Work required => Each line below from the "German Wirehaired Pointer" line through the "Handsome man poses" line, those two included, must be restated word for word; the pictures must not be.

Dataset content =>
#####

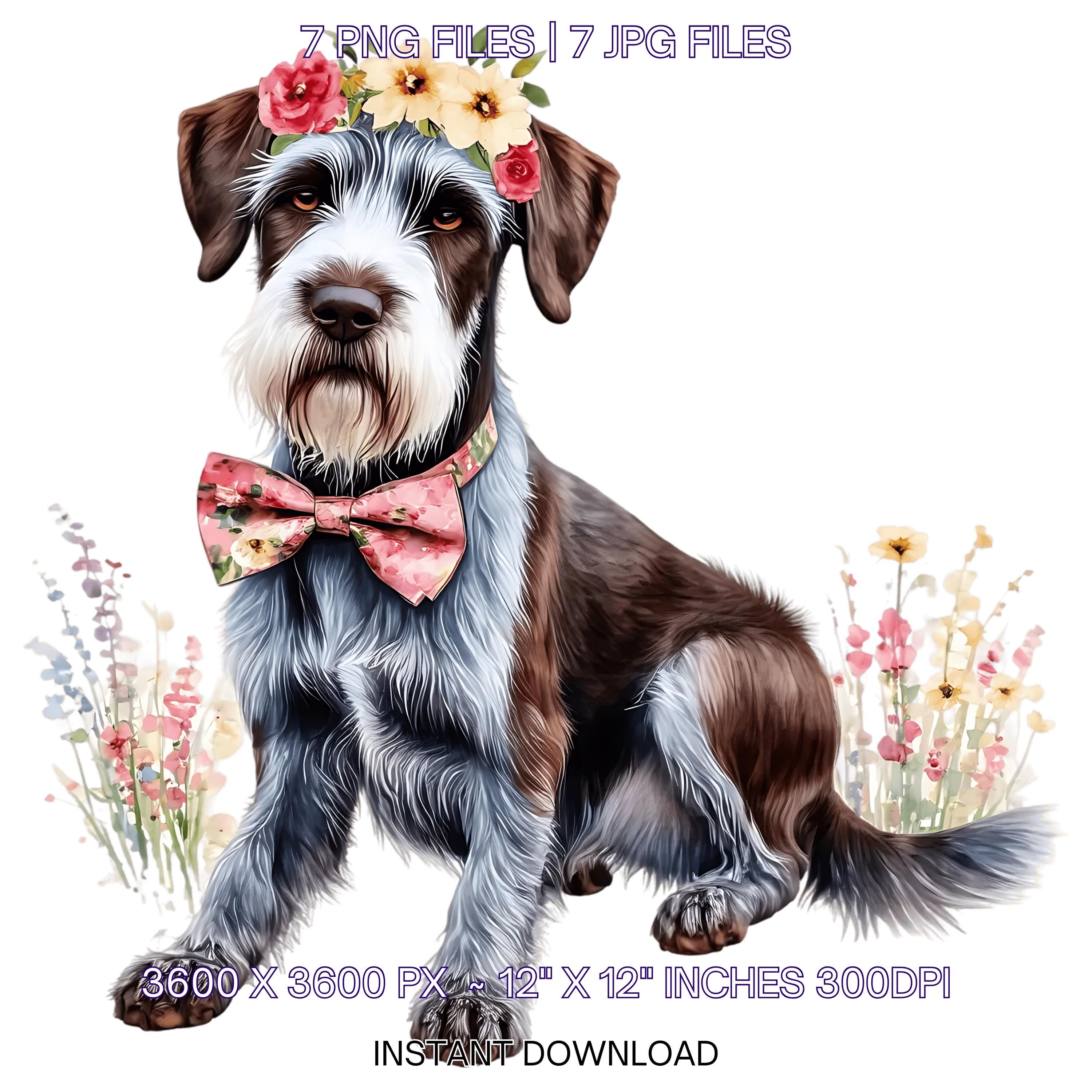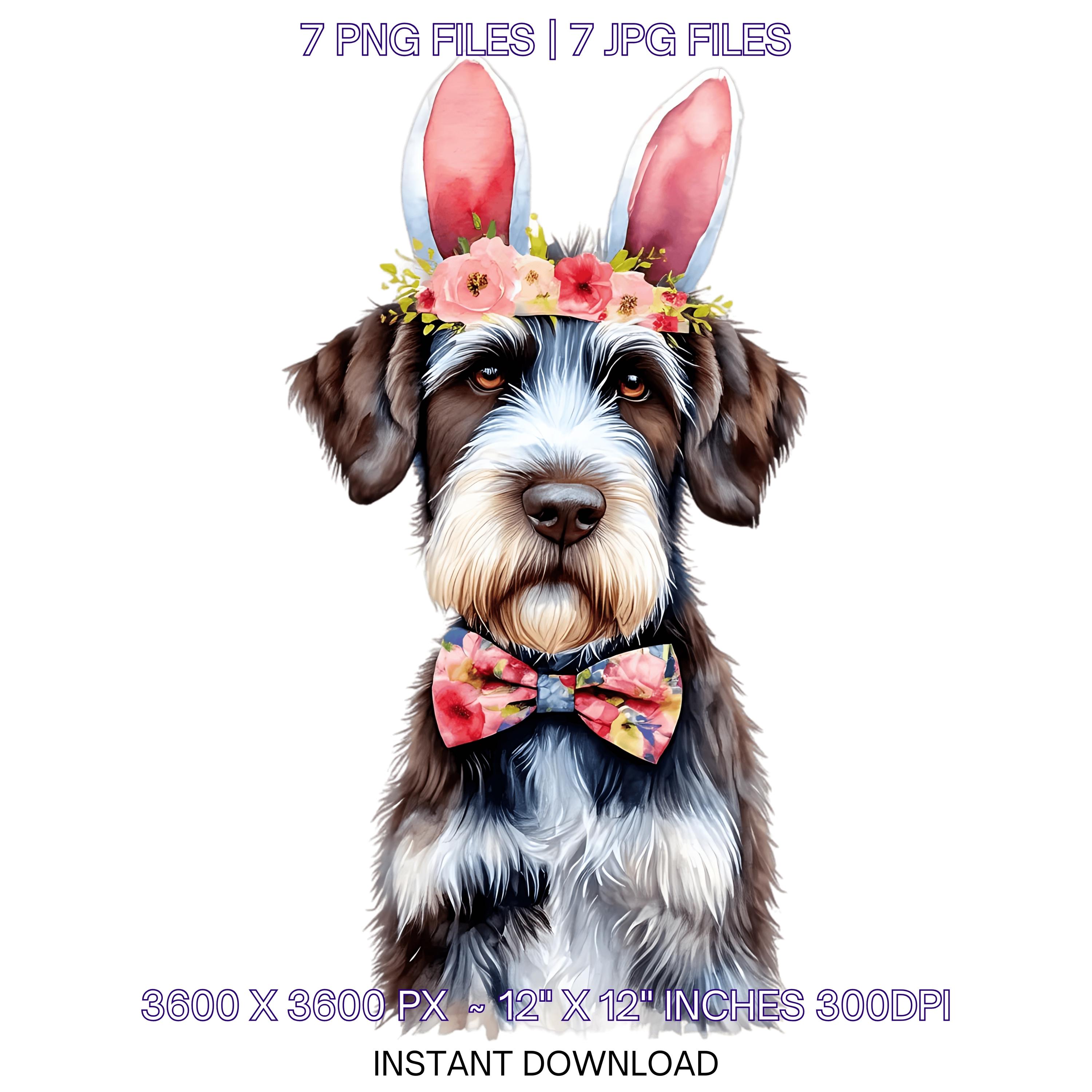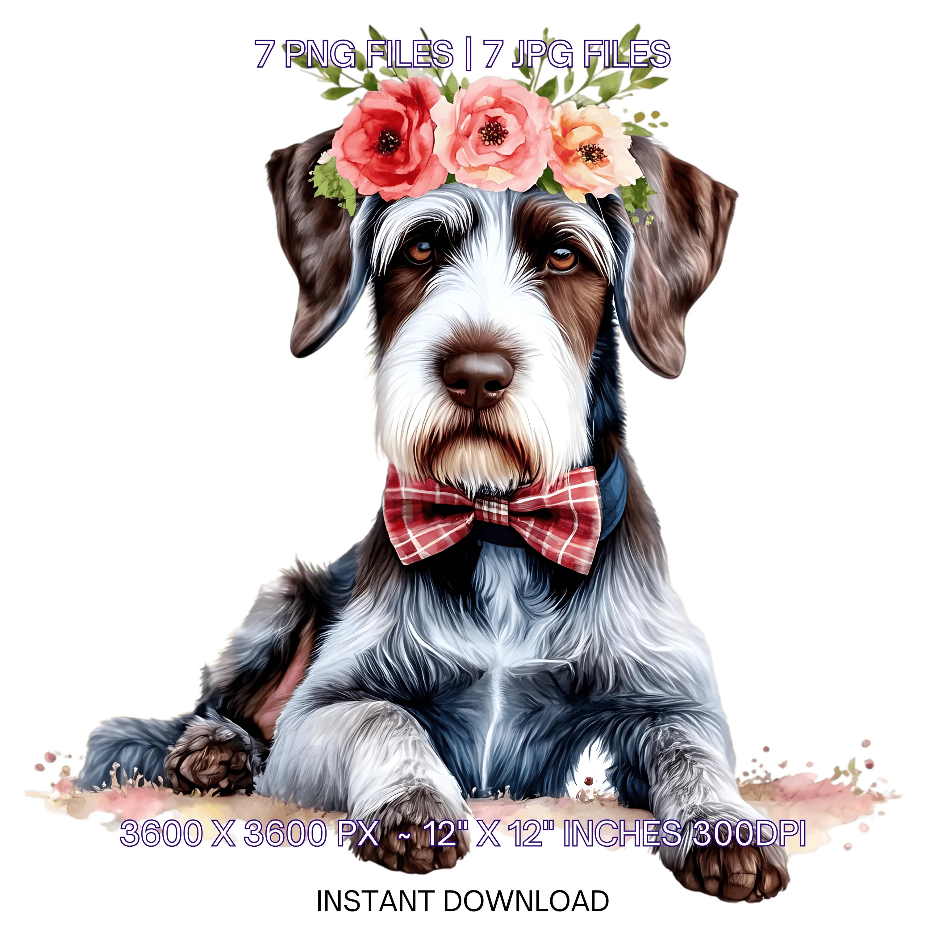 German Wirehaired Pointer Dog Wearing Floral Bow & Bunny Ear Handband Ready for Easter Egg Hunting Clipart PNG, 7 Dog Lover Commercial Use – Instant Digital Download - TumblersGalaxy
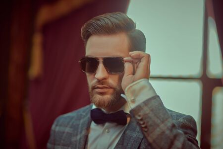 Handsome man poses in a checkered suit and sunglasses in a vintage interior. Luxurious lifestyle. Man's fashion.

#####

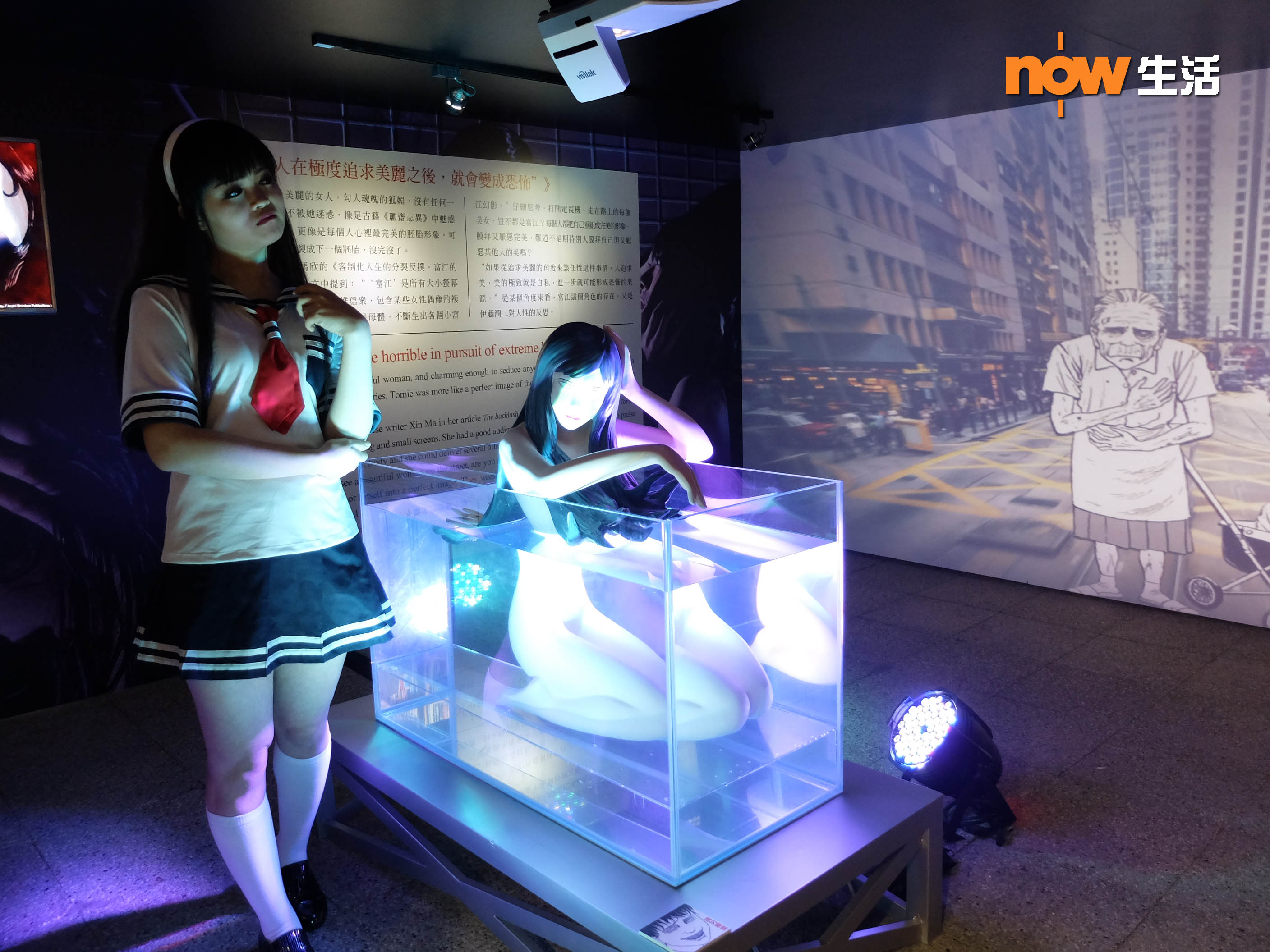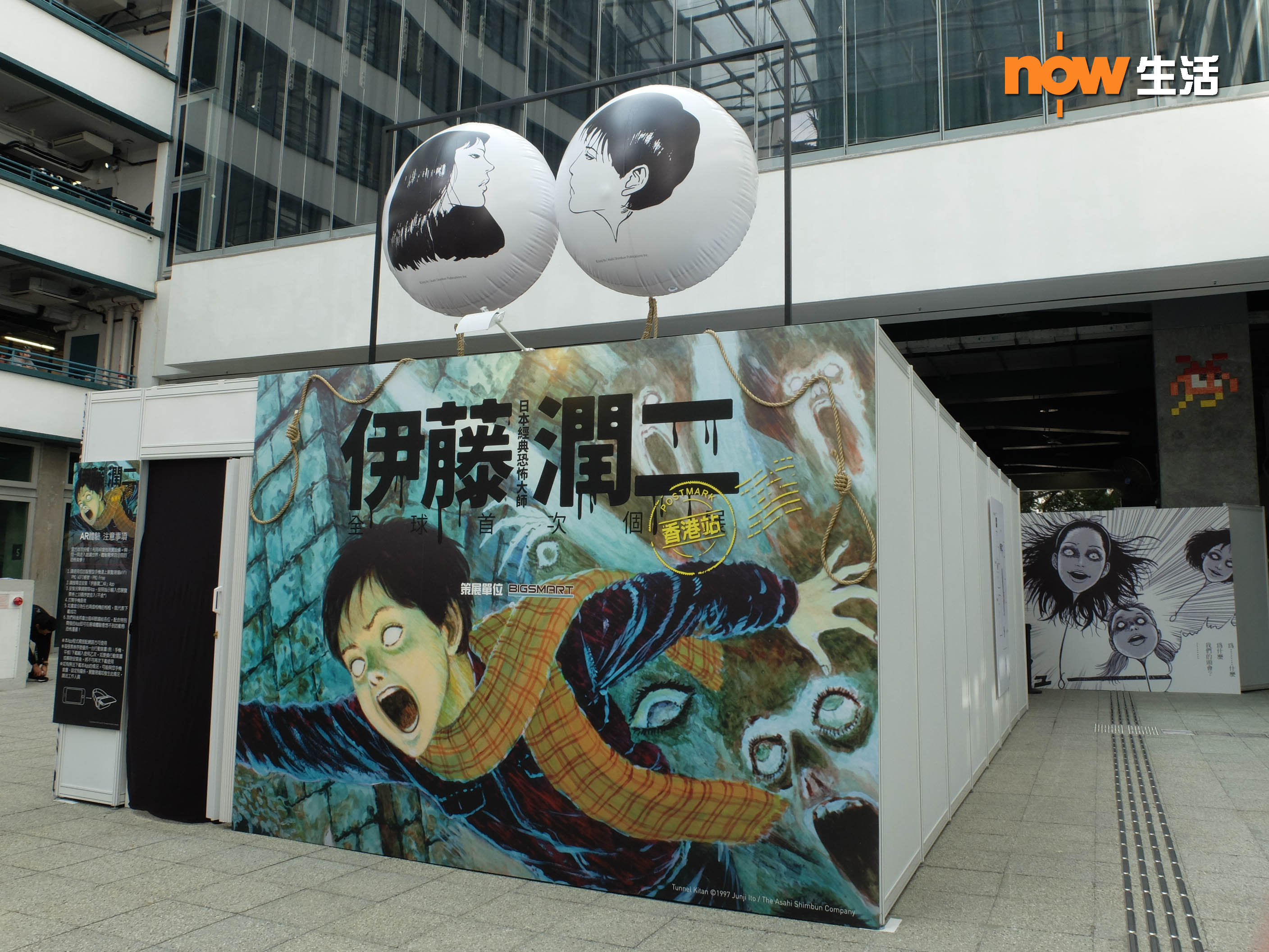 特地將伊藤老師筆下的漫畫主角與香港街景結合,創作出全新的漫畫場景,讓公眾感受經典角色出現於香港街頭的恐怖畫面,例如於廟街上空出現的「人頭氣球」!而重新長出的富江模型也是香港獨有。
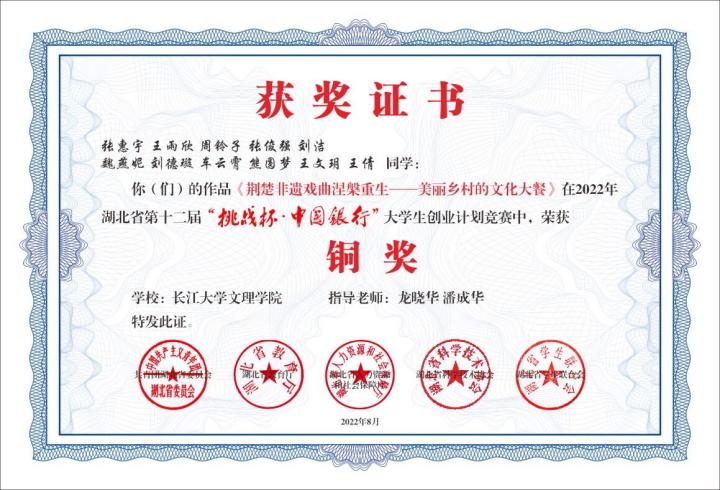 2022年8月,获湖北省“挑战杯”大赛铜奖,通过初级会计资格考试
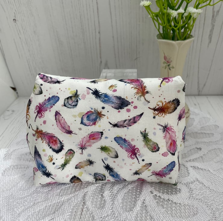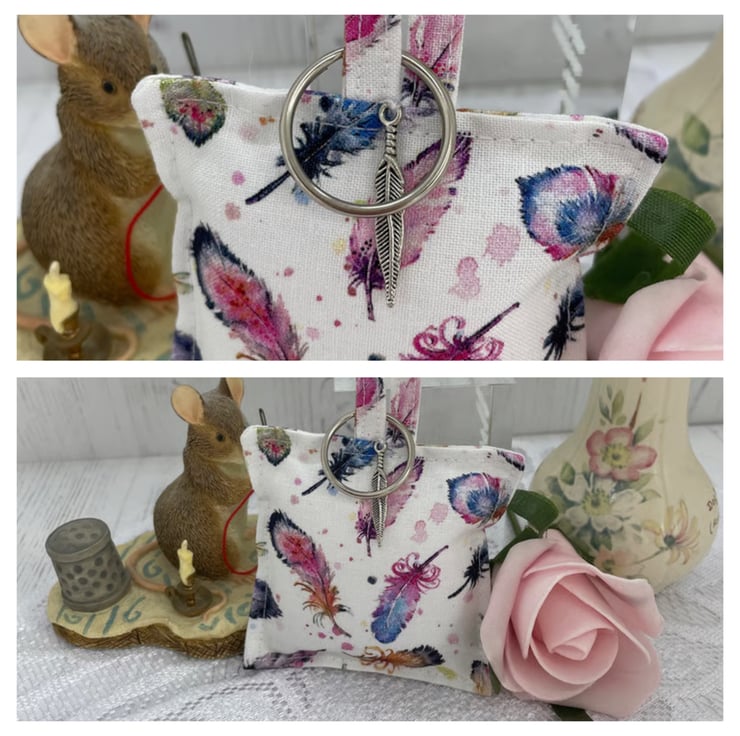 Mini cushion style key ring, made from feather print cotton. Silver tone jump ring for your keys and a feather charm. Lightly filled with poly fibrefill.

#####

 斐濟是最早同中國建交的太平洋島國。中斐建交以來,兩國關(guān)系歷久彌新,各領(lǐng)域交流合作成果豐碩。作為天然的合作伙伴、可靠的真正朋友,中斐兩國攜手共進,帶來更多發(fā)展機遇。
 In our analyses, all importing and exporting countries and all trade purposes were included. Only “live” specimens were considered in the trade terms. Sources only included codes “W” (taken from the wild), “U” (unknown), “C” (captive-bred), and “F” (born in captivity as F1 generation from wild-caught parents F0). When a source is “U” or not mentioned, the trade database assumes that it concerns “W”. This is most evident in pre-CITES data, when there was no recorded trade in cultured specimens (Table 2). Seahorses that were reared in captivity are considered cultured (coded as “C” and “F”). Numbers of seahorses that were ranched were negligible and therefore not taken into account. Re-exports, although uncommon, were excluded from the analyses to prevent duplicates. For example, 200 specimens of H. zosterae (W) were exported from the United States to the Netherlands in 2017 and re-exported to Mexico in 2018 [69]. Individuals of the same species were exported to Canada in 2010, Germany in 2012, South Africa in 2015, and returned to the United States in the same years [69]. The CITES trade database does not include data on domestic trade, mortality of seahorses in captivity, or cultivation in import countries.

#####

Task answer =>
 German Wirehaired Pointer Dog Wearing Floral Bow & Bunny Ear Handband Ready for Easter Egg Hunting Clipart PNG, 7 Dog Lover Commercial Use – Instant Digital Download - TumblersGalaxy
 Handsome man poses in a checkered suit and sunglasses in a vintage interior. Luxurious lifestyle. Man's fashion.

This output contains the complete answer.